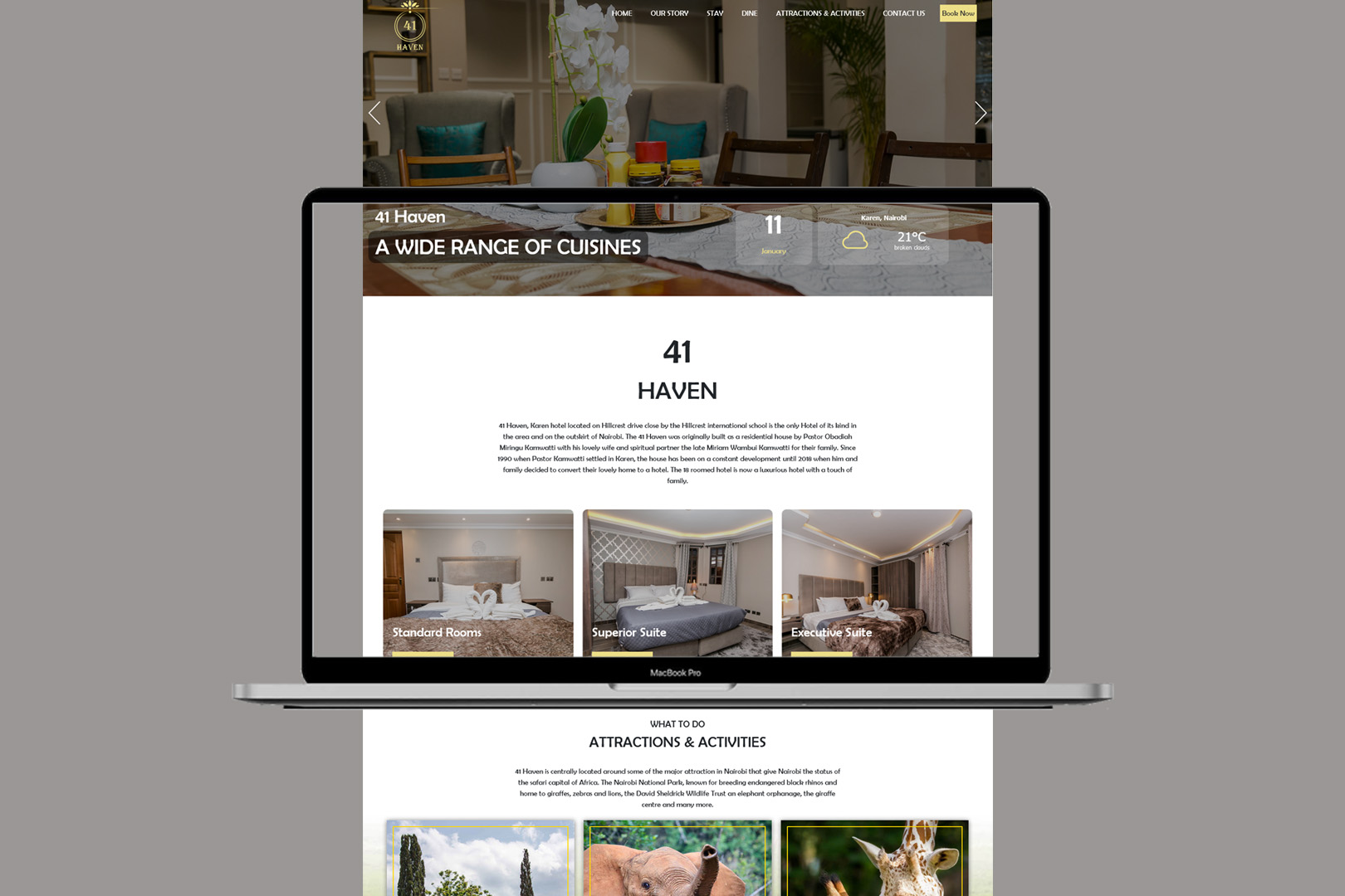 41 Haven, Karen hotel located on Hillcrest drive close by the Hillcrest international school is the only Hotel of its kind in the area and on the outskirt of Nairobi. The 41 Haven was originally built as a residential house by Pastor Obadiah Miringu Kamwatti with his lovely wife and spiritual partner the late Miriam Wambui Kamwatti for their family. Since 1990 when Pastor Kamwatti settled in Karen, the house has been on a constant development until 2018 when him and family decided to convert their lovely home to a hotel. The 18 roomed hotel is now a luxurious hotel with a touch of family.
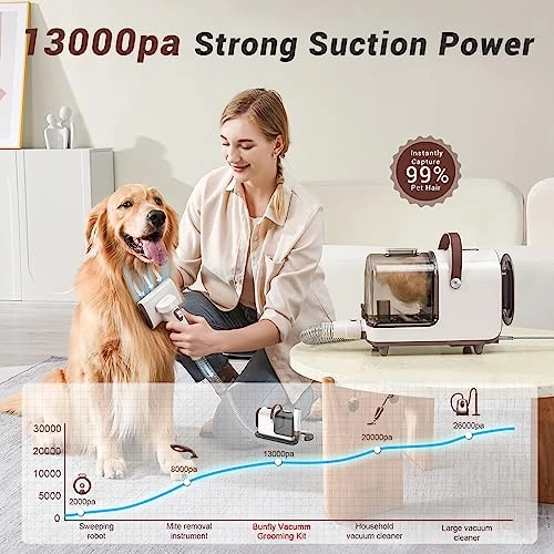 - Wont scare your pets: After special noise reduction treatment, the working sound of the dog grooming vacuum cleaner is as low as 50db, 3 adjustable suction levels are available, we recommend massaging and feeding your pet before trimming pet hair, so that your pet can enjoy Feel relaxed and not intimidated while grooming.
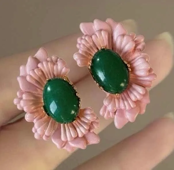 • Elegant floral clip-on earrings with pink enamel petals • Green oval stone center reminiscent of... Show more
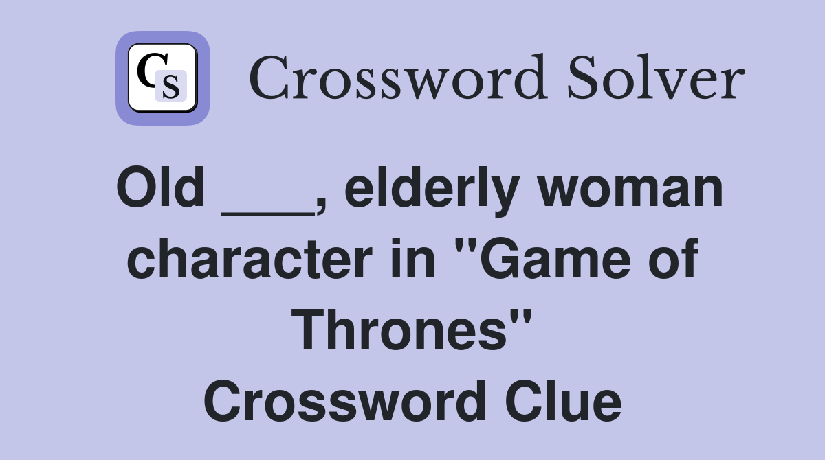 Old elderly woman character in quot Game of Thrones quot Crossword Clue
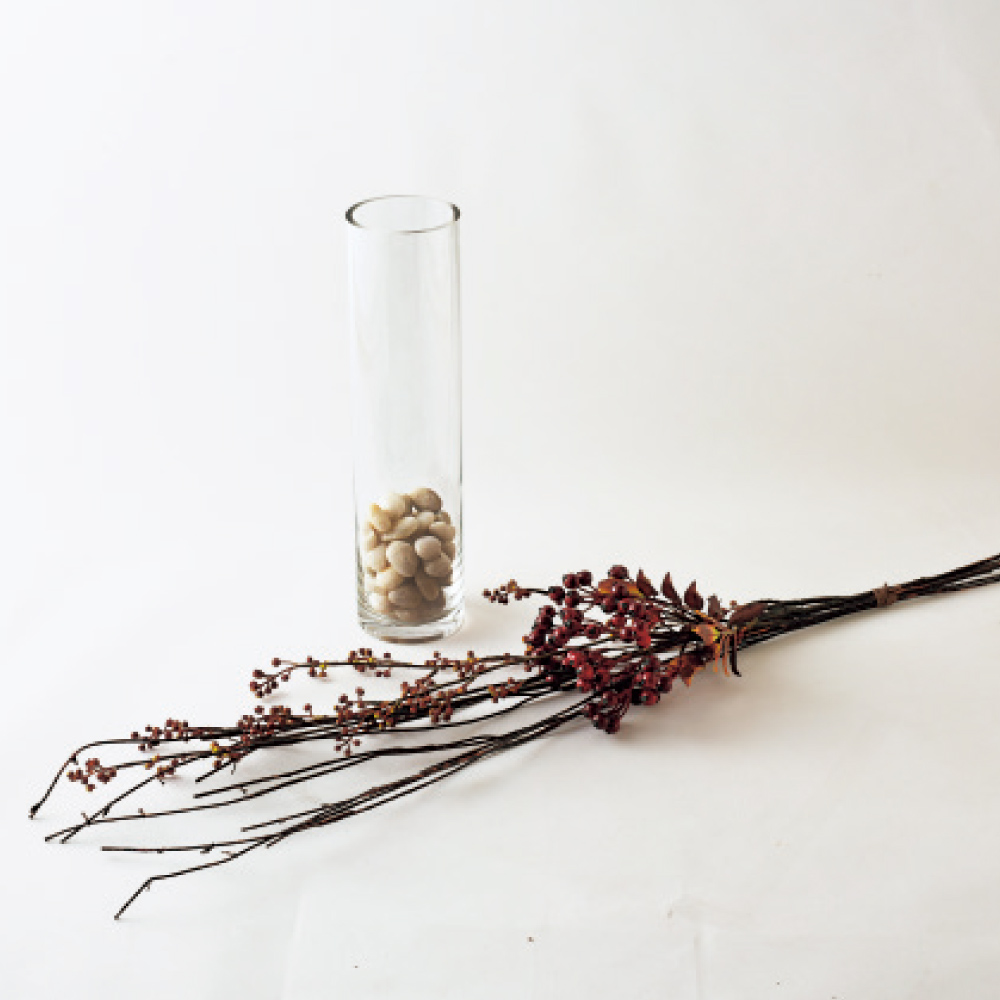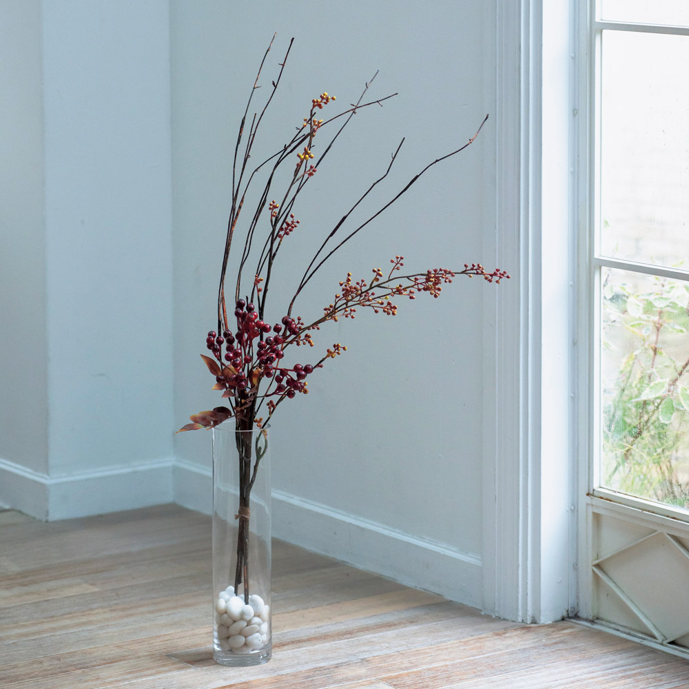 ローズヒップの実が愛らしい枝ものアレンジメント秋冬に枝先に実るバラのローズヒップと、しなやかに長く伸びる柳の細枝をシンプルに投げ入れたアレンジメント。レッド〜ブラウンの色合わせが落ち着いた秋冬のインテリアを温かく彩ります。
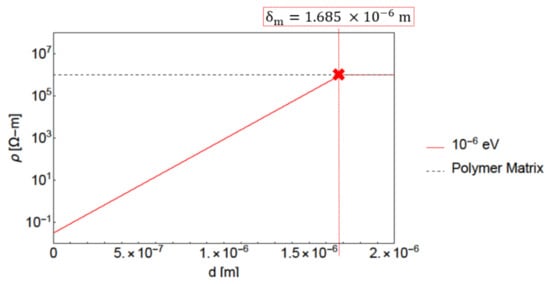 where represents the tunneling resistivity, e is electric charge, d is the shortest distance between the CNTs, h is Planck’s constant, m is equal to the mass of an electron and signifies the barrier potential of the polymer. is a crucial parameter that dictates the strength of the electrical tunneling effect. The relationship between the tunneling resistivity and the tunneling distance d is illustrated in Figure 1.

_ _ _ _

- INSTRUCTIONS TO FOLLOW -
What is needed is an exact copy of only the lines above from the one with "Old elderly woman" to the one with "ローズヒップの実が愛らしい枝", both kept, with every picture left out.

- TASK SOLUTION -
 Old elderly woman character in quot Game of Thrones quot Crossword Clue
 ローズヒップの実が愛らしい枝ものアレンジメント秋冬に枝先に実るバラのローズヒップと、しなやかに長く伸びる柳の細枝をシンプルに投げ入れたアレンジメント。レッド〜ブラウンの色合わせが落ち着いた秋冬のインテリアを温かく彩ります。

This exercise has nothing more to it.